Unless your built like littlemags, growth and EQ mast is not a good stack for someone that is 5'9" 220lbs. The fact you lost weight running it tells me your BF% was very high, your diet sucks, or your not training right.
 
^^ yeah...I used to have a staple also of shakes post training BUT after hanging with several pros over the years I have since dropped them. Most pros (not all) but ALMOST every national level guy keeps shakes to MIN...(I dont even think Matt drinks shakes) I made WAY better gains with metformin post workout and adding white rice with chicken.
 
Don't focus on how much you can "max" any exercise at. Unless your doing a strong man competition it's a waste of time and extreme wear and tear on your muscles. Use your time instead to measure your weight, calorie intake, BF%. How many calories/protein do you intake per day? What do your workouts look like M-F? 60 minutes isn't really going to get you results. I know when time is tight sometimes I will be in there 45-60 minutes but you should be spending 1.5-2 hours minimum if you are doing heavy lifts. Anything less than that and your not letting your body recover enough between sets, or your not doing enough of the right exercises
I disagree with the statement in bold, I give 1min-1:30 between sets and generally I'm in the gym for 30min cardio 60-90min lifting depending on body part, I only focus on one muscle group per day and sometimes compound lift(maybe once a month)
 
I disagree with the statement in bold, I give 1min-1:30 between sets and generally I'm in the gym for 30min cardio 60-90min lifting depending on body part, I only focus on one muscle group per day and sometimes compound lift(maybe once a month)
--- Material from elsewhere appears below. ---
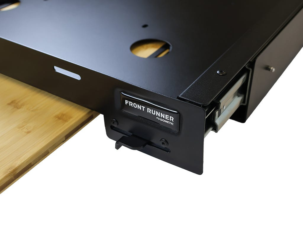 Sistem de culisare de la Front Runner ce permite montarea unui frigider (cu capacitate de 95l-100l) sau a unor cutii (Cub Pack, Wolf Pack etc.) ori a unor echipamente grele.
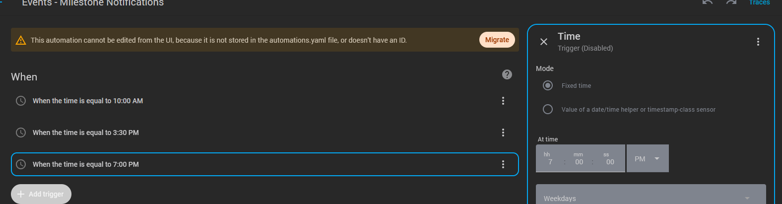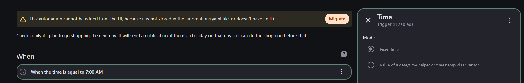 They are not though. I don’t want them migrated to the UI, that’s not the problem. I’ve always created them this way and it has always worked expect this one new automation doesn’t trigger for some reason.

yeah..shit I cant imagine training that long. Only LONG day for is legs and that is because of wrapping knees
 
my body fat was high
Don't focus on how much you can "max" any exercise at. Unless your doing a strong man competition it's a waste of time and extreme wear and tear on your muscles. Use your time instead to measure your weight, calorie intake, BF%. How many calories/protein do you intake per day? What do your workouts look like M-F? 60 minutes isn't really going to get you results. I know when time is tight sometimes I will be in there 45-60 minutes but you should be spending 1.5-2 hours minimum if you are doing heavy lifts. Anything less than that and your not letting your body recover enough between sets, or your not doing enough of the right exercises.



Unless your built like littlemags, growth and EQ mast is not a good stack for someone that is 5'9" 220lbs. The fact you lost weight running it tells me your BF% was very high, your diet sucks, or your not training right.